Cross-cutting issues

Dentre os assuntos que devem dominar o debate internacional, e dos quais a OMC precisará tratar, estão meio-ambiente e cláusulas trabalhistas em acordos de comércio. Esses são temas que seguem dissociados das pautas da OMC, mas a verdade é que a Organização precisará tratar deles a fim de que permaneça relevante nos próximos anos. A OMC precisa também deixar a sua marca na regulação do comércio digital. A nova Diretora Geral pode capitalizar em cima das negociações de e-commerce que já vem acontecendo há algum tempo, e liderar o movimento de regulação deste comércio.
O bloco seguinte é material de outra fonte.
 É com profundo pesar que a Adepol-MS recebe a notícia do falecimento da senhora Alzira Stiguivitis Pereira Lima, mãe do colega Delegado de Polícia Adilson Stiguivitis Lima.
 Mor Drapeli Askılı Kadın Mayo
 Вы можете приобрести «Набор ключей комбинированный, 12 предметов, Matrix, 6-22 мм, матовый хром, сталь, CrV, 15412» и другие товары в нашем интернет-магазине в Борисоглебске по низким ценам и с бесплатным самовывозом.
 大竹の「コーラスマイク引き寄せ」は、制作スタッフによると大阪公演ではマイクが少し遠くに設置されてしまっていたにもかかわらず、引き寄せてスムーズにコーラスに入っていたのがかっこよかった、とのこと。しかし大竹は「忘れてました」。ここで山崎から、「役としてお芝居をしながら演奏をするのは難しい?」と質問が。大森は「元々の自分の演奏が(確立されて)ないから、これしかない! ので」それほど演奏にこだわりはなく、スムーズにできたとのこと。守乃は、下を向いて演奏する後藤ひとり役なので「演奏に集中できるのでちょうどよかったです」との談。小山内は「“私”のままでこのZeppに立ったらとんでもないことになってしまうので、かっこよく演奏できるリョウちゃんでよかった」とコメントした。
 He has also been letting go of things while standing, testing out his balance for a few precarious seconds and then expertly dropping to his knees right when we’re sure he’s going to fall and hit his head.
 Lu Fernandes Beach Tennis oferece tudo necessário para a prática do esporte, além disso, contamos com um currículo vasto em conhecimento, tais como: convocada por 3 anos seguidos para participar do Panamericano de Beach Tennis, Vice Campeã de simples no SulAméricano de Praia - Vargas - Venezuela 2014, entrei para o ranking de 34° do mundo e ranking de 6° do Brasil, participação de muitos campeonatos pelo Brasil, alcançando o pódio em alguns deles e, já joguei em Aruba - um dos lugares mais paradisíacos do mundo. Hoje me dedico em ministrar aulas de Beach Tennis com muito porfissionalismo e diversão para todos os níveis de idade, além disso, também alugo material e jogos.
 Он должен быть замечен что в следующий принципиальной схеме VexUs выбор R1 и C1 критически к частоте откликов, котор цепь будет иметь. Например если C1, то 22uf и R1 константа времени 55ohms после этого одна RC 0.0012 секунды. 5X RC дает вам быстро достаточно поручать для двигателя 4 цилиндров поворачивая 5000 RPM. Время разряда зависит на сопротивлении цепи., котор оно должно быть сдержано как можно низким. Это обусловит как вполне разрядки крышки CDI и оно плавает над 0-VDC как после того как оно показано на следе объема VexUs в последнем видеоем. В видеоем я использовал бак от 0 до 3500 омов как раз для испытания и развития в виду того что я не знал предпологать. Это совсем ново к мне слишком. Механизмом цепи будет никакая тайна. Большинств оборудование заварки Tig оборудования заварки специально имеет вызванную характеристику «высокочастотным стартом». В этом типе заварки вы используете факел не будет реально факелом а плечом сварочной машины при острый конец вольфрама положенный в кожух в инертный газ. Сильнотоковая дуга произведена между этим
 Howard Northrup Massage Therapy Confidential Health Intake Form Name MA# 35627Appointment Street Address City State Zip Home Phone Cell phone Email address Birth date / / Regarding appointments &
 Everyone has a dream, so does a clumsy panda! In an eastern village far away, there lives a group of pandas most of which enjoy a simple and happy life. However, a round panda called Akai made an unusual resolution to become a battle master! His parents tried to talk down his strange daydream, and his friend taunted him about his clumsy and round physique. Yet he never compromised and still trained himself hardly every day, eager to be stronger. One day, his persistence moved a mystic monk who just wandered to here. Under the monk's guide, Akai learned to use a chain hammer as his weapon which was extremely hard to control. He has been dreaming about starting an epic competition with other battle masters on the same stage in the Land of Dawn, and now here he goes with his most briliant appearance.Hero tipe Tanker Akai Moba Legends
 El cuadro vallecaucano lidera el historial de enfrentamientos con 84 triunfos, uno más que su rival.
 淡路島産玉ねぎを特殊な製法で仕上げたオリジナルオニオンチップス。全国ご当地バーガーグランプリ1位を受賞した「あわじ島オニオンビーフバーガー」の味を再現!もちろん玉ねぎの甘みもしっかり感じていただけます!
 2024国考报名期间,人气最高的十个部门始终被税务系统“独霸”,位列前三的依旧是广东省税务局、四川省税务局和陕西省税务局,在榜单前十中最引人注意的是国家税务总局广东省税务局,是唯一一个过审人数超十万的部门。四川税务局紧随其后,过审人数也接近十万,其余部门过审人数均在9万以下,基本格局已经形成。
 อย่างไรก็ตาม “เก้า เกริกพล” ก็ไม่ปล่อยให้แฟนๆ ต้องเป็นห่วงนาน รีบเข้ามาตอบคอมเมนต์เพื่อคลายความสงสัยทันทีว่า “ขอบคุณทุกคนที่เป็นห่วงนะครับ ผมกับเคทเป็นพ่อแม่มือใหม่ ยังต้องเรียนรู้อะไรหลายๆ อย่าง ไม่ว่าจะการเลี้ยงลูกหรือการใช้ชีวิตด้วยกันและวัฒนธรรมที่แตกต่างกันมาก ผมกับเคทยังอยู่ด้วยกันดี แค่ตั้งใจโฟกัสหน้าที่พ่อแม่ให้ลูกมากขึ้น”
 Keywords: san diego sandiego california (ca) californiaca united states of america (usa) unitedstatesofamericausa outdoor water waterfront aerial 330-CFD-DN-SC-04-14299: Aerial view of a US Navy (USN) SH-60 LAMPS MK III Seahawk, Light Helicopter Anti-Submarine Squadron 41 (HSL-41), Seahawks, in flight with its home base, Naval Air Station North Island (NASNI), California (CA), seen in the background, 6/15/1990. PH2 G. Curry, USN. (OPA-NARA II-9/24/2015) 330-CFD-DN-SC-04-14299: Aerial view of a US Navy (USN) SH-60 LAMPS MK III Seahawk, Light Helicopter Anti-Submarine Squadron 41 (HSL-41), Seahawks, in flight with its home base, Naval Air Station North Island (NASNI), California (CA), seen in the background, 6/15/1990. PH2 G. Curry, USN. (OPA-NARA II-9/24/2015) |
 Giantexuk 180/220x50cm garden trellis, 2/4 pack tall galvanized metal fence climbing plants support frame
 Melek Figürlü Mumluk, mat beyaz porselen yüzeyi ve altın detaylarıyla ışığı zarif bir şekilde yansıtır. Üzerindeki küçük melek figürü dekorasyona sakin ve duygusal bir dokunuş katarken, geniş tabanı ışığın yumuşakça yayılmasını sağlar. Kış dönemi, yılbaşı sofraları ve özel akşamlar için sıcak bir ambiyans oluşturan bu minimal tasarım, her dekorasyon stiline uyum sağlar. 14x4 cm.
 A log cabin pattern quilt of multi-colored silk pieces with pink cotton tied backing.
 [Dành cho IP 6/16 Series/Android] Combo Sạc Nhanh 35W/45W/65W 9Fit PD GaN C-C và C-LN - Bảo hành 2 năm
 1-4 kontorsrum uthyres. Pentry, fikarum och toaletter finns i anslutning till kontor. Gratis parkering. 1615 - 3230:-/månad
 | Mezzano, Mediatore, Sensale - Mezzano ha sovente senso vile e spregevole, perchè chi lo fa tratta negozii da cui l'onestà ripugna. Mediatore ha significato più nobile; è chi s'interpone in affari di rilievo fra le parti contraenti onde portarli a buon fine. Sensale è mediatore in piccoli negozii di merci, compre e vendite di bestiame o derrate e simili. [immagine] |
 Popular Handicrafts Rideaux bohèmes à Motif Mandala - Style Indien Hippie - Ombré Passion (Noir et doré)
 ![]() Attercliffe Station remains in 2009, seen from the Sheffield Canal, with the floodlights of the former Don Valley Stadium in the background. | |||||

Paralelamente, espera-se também de Ngozi uma maior ênfase para as discussões sobre mulheres e comércio internacional, assunto que a Organização já tem tratado, mas que precisa evoluir do patamar de boas intenções para que sejam discussões mais profundas sobre implementação e enforcement de disposições de gênero. A Declaração de Buenos Aires sobre Comércio e Empoderamento Econômico das Mulheres de 2017 foi um marco. No entanto, foi apenas em setembro de 2020 que os membros da OMC estabeleceram um Grupo de Trabalho Informal para avançar na implementação. Como já se escreveu extensivamente, o comércio internacional, e em particular a abertura ao comércio, contribuiu imensamente para o empoderamento econômico das mulheres e para a melhoria da qualidade de vida de suas famílias, educação, saúde. No entanto, também há evidências substanciais de que muito mais precisa ser feito, e a liderança de Ngozi será fundamental nesse aspecto.

Ngozi foi a melhor escolha para este momento

Mulher, negra, africana, Ngozi Okonjo-Iweala traz muito simbolismo com a sua confirmação. É uma profissional extremamente experiente, uma expert que transita há muitos anos entre os organismos multilaterais e que tem aptidão diplomática e política para desempenhar com primor as principais atividades da sua nova função: direcionar a agenda das negociações da OMC para os temas prioritários, facilitar o entendimento entre os membros e fazer a interlocução com a mídia. Não será fácil, há muitos desafios pela frente, muitos temas e insatisfações de anos que precisam ser endereçadas, mas talvez o momento de pandemia e suas consequências econômicas podem ser uma oportunidade para a nova Diretora Geral relembrar a todos sobre a relevância do sistema de comércio mundial.

 

Renata Amara

Doutora em Direito do Comércio Internacional. Professora Adjunta na American University Washington College of Law e Fundadora da rede Women Inside Trade.